Projecting forward.At 1M chunks the HNSW index occupies approximately 4-5GB of disk and ~3GB of shared-buffers cache for hot operation; latency stays under 100ms P95 on commodity hardware. Past 5-10M chunks, the sequential-IO patterns of HNSW start to interact poorly with page-cache pressure and dedicated vector DBs become the cleaner answer. The threshold where switching makes sense depends as much on your write rate and query mix as on raw count — measure, don't guess.
Self-hosted RAG is a small operational lift in exchange for sovereignty, cost control, and a queryable knowledge surface.
The pipeline this guide walks through is genuinely small: three tables, one ANN index, a batched embedding job, two SQL queries (vector and hybrid), one streaming endpoint with citation parsing. That's the entire system. It runs on the Postgres you already operate. It serves 100k-1M-chunk corpora with P50 latencies under 50ms and per-query costs of roughly two cents. Most production RAG products do not need anything more than this.
What changes at 10x scale is mostly operational, not architectural. Index rebuilds need scheduling windows. The embedding model becomes a first-class versioning concern. Multi-tenant routing benefits from partitioning. Re-rankers start earning their keep on long-tail queries. None of those are reasons to leave Postgres; they're reasons to invest in the same Postgres instance more seriously — better instrumentation, dedicated read replicas for RAG traffic, tighter pool sizing. Most of the work at 10x is sharper measurement, not new infrastructure.

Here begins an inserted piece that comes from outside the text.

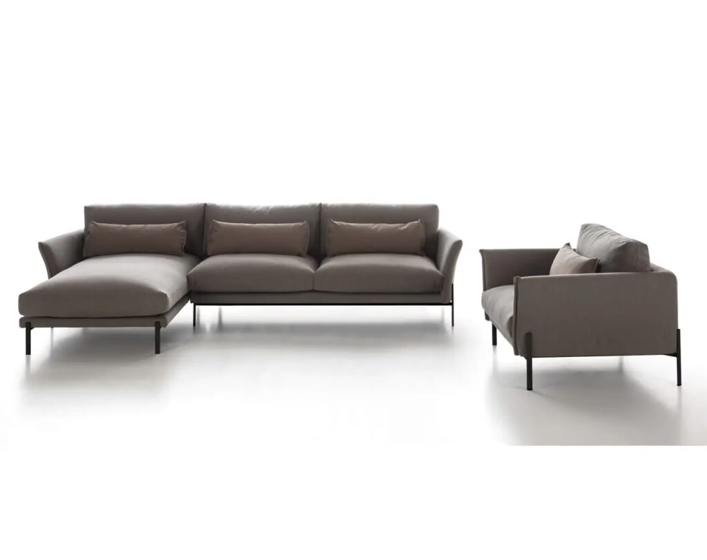 Uno de los desarrollos más importantes de este período fue la introducción de los sofás modulares. Esta innovación permitió a los consumidores personalizar el tamaño y la configuración de su sofá combinando diferentes elementos o «módulos». De repente, el sofá ya no estaba limitado a tamaños estándar de 2 o 3 plazas; podía adaptarse a cualquier espacio, grande o pequeño, y a cualquier necesidad, creando sofás de 4, 5, 6 o más plazas, rinconeras, chaiselongues y otras configuraciones únicas. La modularidad democratizó el diseño de sofás y lo hizo accesible a una gama mucho más amplia de estilos de vida y tamaños de hogares.

Concrete first-week milestones for a team adopting this pattern: day one, stand up Postgres + pgvector locally and run the schema migration. Day two, write the chunker and ingest 100 representative documents. Day three, build the retrieval query and validate recall@10 on a hand-labeled sample. Day four, wire the streaming endpoint and the citation UI. Day five, instrument latency / cost / recall dashboards. The whole system fits comfortably in a sprint and ships small, observable, and easy to evolve.